A 74-year-old lady, Mrs Nanda Kiran* was brought to our Centre by her husband and daughter-in-law, with chief complaints of difficulty in swallowing food and water, regurgitating food particles, reduced speech, decreased social interaction, reduced expressions/reactions, reduced interest in activities of daily living and a shuffling gait. She had a past history of Stroke and was a known case of Parkinson’s Disease and Vascular Dementia.
At the Centre, she was observed to refuse food and if insisted upon, her face would convey pain in swallowing. Medical investigations conducted revealed no physiological reasons for pain or regurgitation of food particles. Thus, motivation and distraction techniques were employed to shift her focus from the process of swallowing and increase her food intake. Post meals, she would be engaged in brief time-limited cognitive/motor activities (for e.g. number cancellation/grain segregation tasks, etc.) to keep her occupied and reduce/prevent regurgitation. She was also introduced in various social situations (meeting new people, making requests, etc.). Hints/cues were provided during interactions to aid and increase her participation. The case was incontinent, for which a toilet schedule was created with her being taken to the toilet every 3 hours. Moreover, a daily schedule was created, to provide a sense of order and purpose. Various cognitive, social and recreational based activities were conducted during the day, to stimulate her on different levels. Physiotherapy interventions were introduced for improving her gait pattern and increasing her upper and lower limb strength.
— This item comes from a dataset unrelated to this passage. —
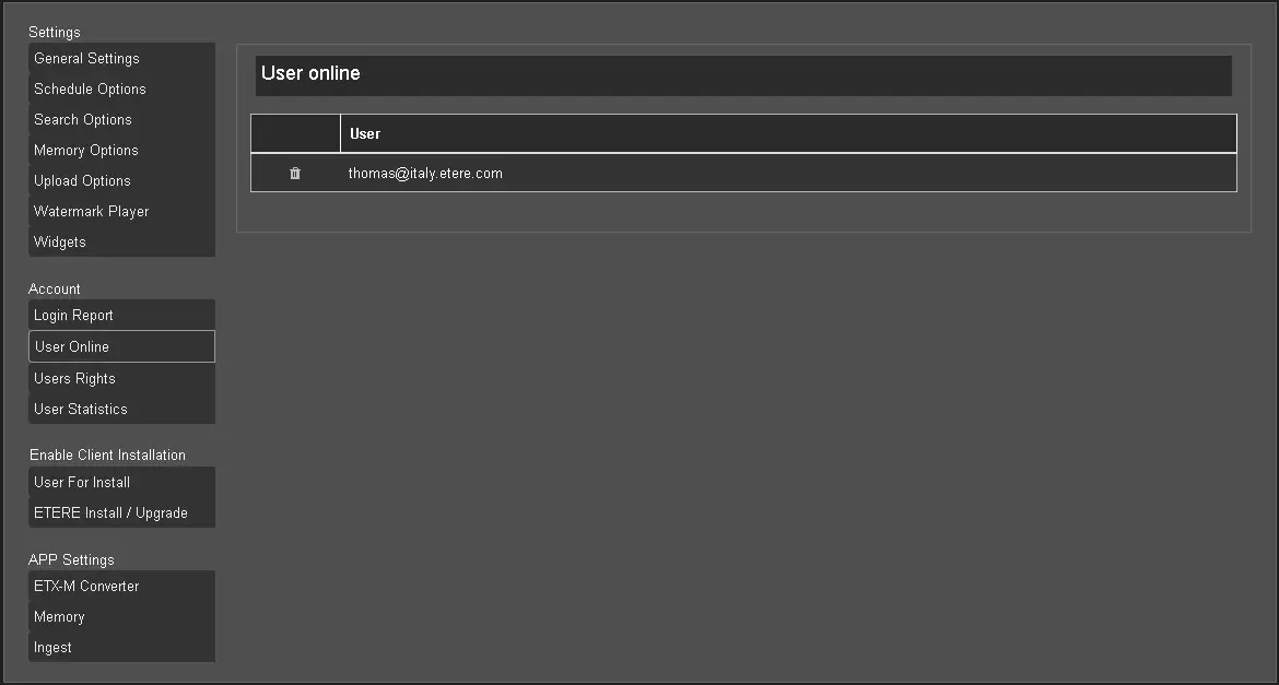 The User Online section allows to manage user connections to Etere Web and disconnects users from EtereWeb if necessary.

Post interventions, the case was able to eat meals without any difficulty. Her food intake increased, with her weight increasing by 5.5 kgs. She started going for formal dinners and would choose her food of preference. Her interactions improved significantly. She started independently interacting with people of different age-groups. As her interactions increased, so did her reactivity, with her even using humour. Although she couldn’t be taken off diapers permanently, towards her end of time with us, she was able to communicate her need to use the toilet most of the time. She would look forward to attending the Centre and would remind the staff about her daily activities. Post physiotherapy interventions, she resumed her evening walks and occasional dances with her husband, although she needed constant reminders to take longer steps.
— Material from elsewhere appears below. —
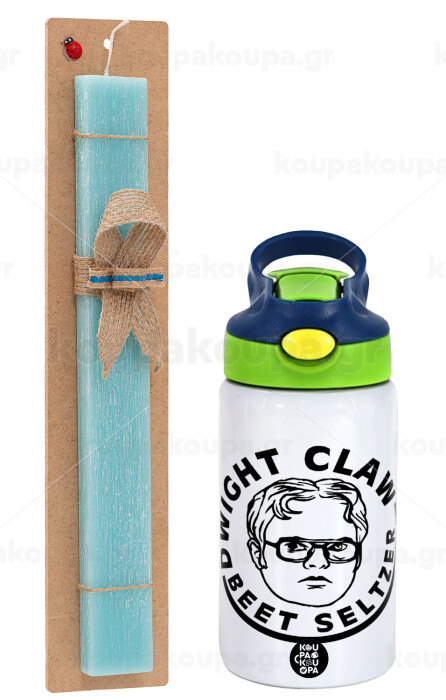 The office Dwight Claw (beet seltzer), Easter Set, Children's thermal stainless steel bottle with safety straw, green/blue (350ml) & aromatic flat Easter candle (30cm) (TURQUOISE)

The above case highlights the need for more Centres that can provide rehabilitation in a holistic and integrated manner, by offering not just medical but also physical and psychosocial rehabilitation to seniors under one roof. Currently, most places offer medical and physical rehabilitation to seniors, ignoring their and their families’ psychosocial needs. As professionals working in the field of geriatric health, it is important for us to work towards improving the senior’s health in a holistic manner.
*Name changed to maintain confidentiality.